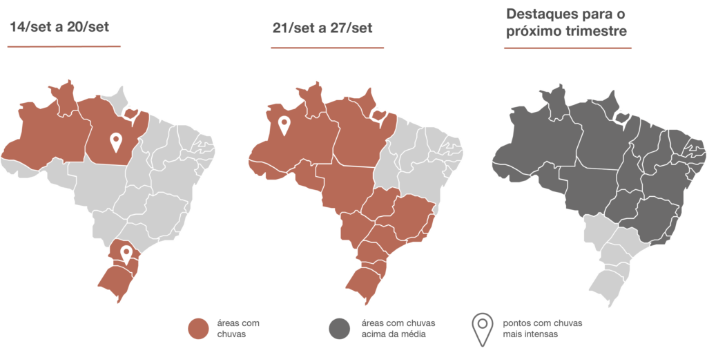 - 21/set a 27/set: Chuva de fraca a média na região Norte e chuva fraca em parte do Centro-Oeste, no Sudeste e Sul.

|---|

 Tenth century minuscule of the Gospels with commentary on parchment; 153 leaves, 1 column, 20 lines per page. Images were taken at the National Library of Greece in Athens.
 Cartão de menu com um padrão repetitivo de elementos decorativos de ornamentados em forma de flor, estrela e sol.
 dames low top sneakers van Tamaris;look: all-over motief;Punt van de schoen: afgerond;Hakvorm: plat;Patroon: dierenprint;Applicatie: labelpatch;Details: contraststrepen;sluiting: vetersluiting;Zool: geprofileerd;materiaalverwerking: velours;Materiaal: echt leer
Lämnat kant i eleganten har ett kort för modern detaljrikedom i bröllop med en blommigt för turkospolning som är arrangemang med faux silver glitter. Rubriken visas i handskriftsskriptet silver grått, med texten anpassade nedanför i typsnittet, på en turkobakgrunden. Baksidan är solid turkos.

|---|

[Problem requirements]
In the material above, find the line containing "Tenth century minuscule" and the line containing "Lämnat kant i", then write out exactly those two lines and every line between them, and nothing more.

[Answer for this exercise]
 Tenth century minuscule of the Gospels with commentary on parchment; 153 leaves, 1 column, 20 lines per page. Images were taken at the National Library of Greece in Athens.
 Cartão de menu com um padrão repetitivo de elementos decorativos de ornamentados em forma de flor, estrela e sol.
 dames low top sneakers van Tamaris;look: all-over motief;Punt van de schoen: afgerond;Hakvorm: plat;Patroon: dierenprint;Applicatie: labelpatch;Details: contraststrepen;sluiting: vetersluiting;Zool: geprofileerd;materiaalverwerking: velours;Materiaal: echt leer
Lämnat kant i eleganten har ett kort för modern detaljrikedom i bröllop med en blommigt för turkospolning som är arrangemang med faux silver glitter. Rubriken visas i handskriftsskriptet silver grått, med texten anpassade nedanför i typsnittet, på en turkobakgrunden. Baksidan är solid turkos.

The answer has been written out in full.